Problem statement: Return the listing below exactly, with the pictures dropped.

The data below:

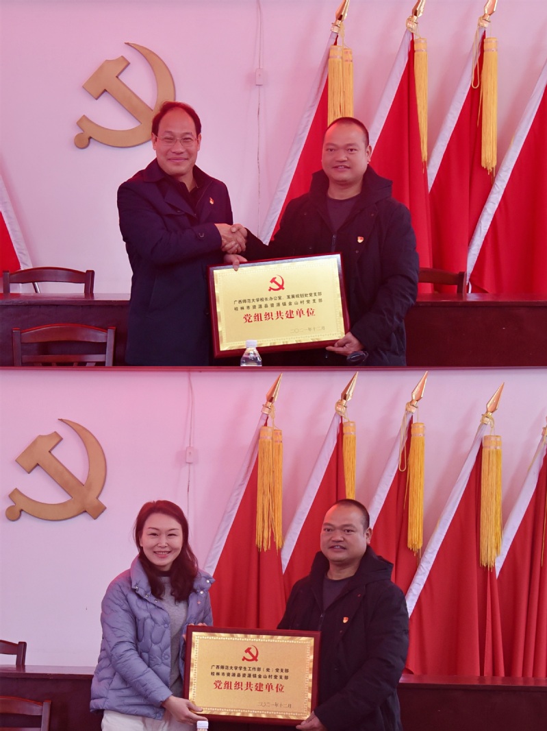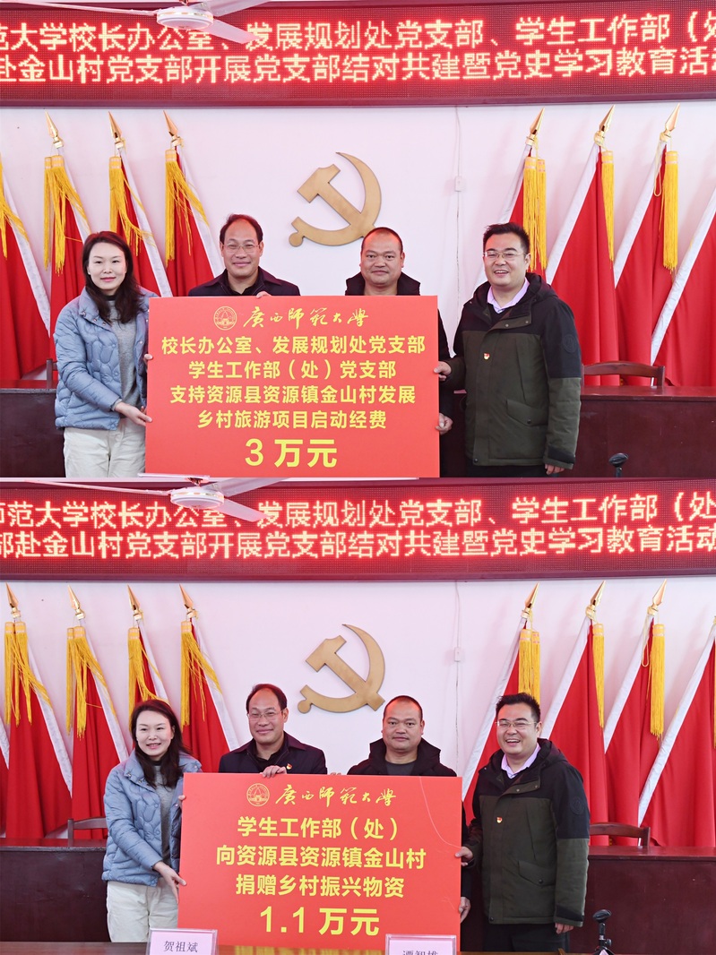 活动中,双方举行了党支部结对共建牌匾互授仪式、支持资源镇金山村发展乡村旅游项目捐赠仪式。校长办公室、发展规划处党支部和学生工作部(处)党支部分别与资源县资源镇金山村党支部结对共建,并支持了金山村发展乡村旅游项目启动经费和捐赠乡村振兴物资一批。各党支部也将继续加强结对共建,形成工作联动,全面推进支部党建工作再上水平,为助力乡村振兴,贡献师大力量与智慧。
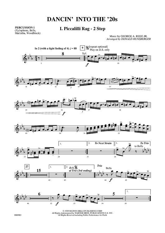 Digital Sheet Music for Dancin' Into The '20s: I. Piccalilli Rag / 2 Step - Percussion 1 by Donald Hunsberger, George A. Reeg, Jr. scored for Concert Band; id:310868
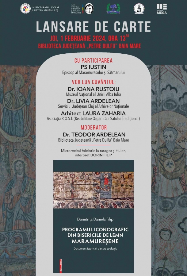 Joi, 1 februarie, de la ora 13.30, Biblioteca Județeană „Petre Dulfu” din Baia Mare va găzdui lansarea cărții „Programul iconografic din bisericile de lemn maramureșene: document istoric și discurs teologic”, autor dr. Dumitrița Daniela Filip.
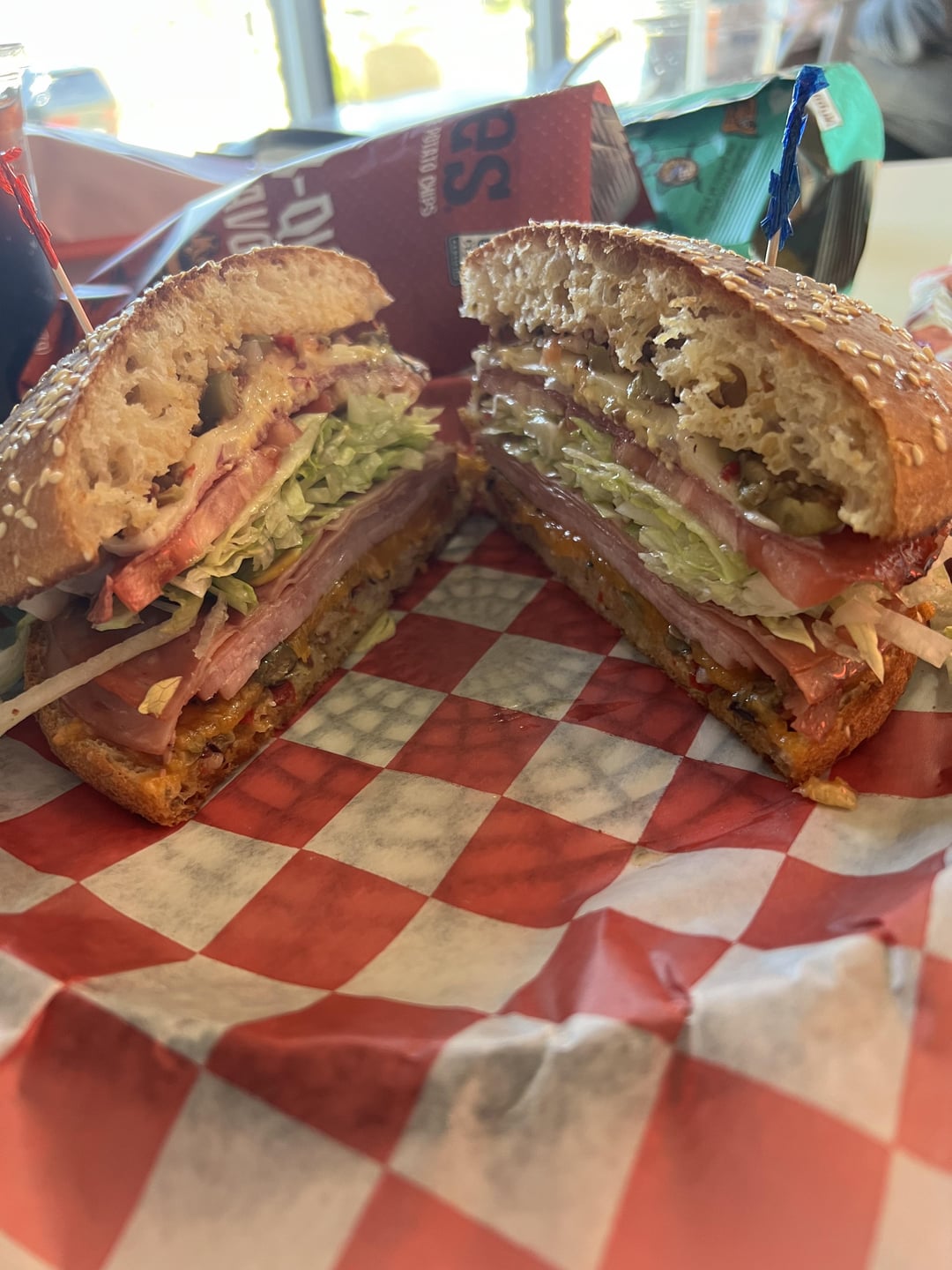 I don’t know anything about this place but this sandwich looks like it’s ripped off from the Original at Schlotzsky’s (who also based their Original on the muffulletta).

End of The data.

Result for this task:
 活动中,双方举行了党支部结对共建牌匾互授仪式、支持资源镇金山村发展乡村旅游项目捐赠仪式。校长办公室、发展规划处党支部和学生工作部(处)党支部分别与资源县资源镇金山村党支部结对共建,并支持了金山村发展乡村旅游项目启动经费和捐赠乡村振兴物资一批。各党支部也将继续加强结对共建,形成工作联动,全面推进支部党建工作再上水平,为助力乡村振兴,贡献师大力量与智慧。
 Digital Sheet Music for Dancin' Into The '20s: I. Piccalilli Rag / 2 Step - Percussion 1 by Donald Hunsberger, George A. Reeg, Jr. scored for Concert Band; id:310868
 Joi, 1 februarie, de la ora 13.30, Biblioteca Județeană „Petre Dulfu” din Baia Mare va găzdui lansarea cărții „Programul iconografic din bisericile de lemn maramureșene: document istoric și discurs teologic”, autor dr. Dumitrița Daniela Filip.
 I don’t know anything about this place but this sandwich looks like it’s ripped off from the Original at Schlotzsky’s (who also based their Original on the muffulletta).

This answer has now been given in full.